While Mellor-Crummey says that his team does not really advertise the HPCToolkit all that much to the community for fear of being overrun with support requests, the tool is freely available and does come with a 100-page user guide that helps walk non-experts through the process of using the tool.
There's a Tool for That
Here's a list of applications worth considering for an HPC toolbox:
Open Speed Shop: This is an open-source, multi-platform Linux tool that supports performance analysis of applications running on both single-node and large-scale systems, including Cray XT and IBM Blue Gene platforms.

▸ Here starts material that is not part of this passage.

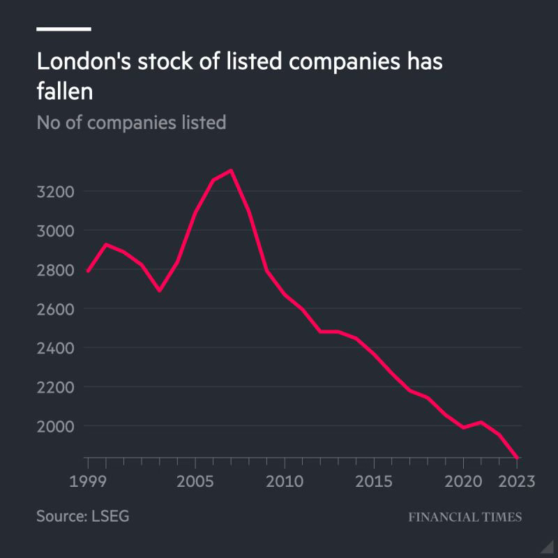 Britain's brand took a massive bashing from Brexit. As you can see, London's stock of listed companies is on the decline. The pressure is on for the Capital Markets Industry Taskforce, who need to revitalise the UK's languishing capital markets thanks to Brexit.

iHarmonizer and iOrchestrator: Both of these tools, developed by a team at Wayne State University, are geared toward improving I/O efficiency in a data center or cluster and the performance of parallel programs crunching large data sets.
Scalable Checkpoint/Restart library: Developed by researchers at the Lawrence Livermore National Laboratory, this tool is freely available through sourceforge.net. It enables checkpointing — a method of inserting fault tolerance into computing systems — for a parallel file system.
DC Pro Tool Suite: This is an application supported by the US Department of Energy that enables IT managers to evaluate energy efficiency with a profiling tool and a set of system assessment tools to locate certain areas in the data center ripe for improvement.
In addition, http://www.hpctools.org/ is a comprehensive source to download and learn about new applications and tools to improve data center performance. This community resource contains quality-control open source code, manuals, and documentation to help users get started.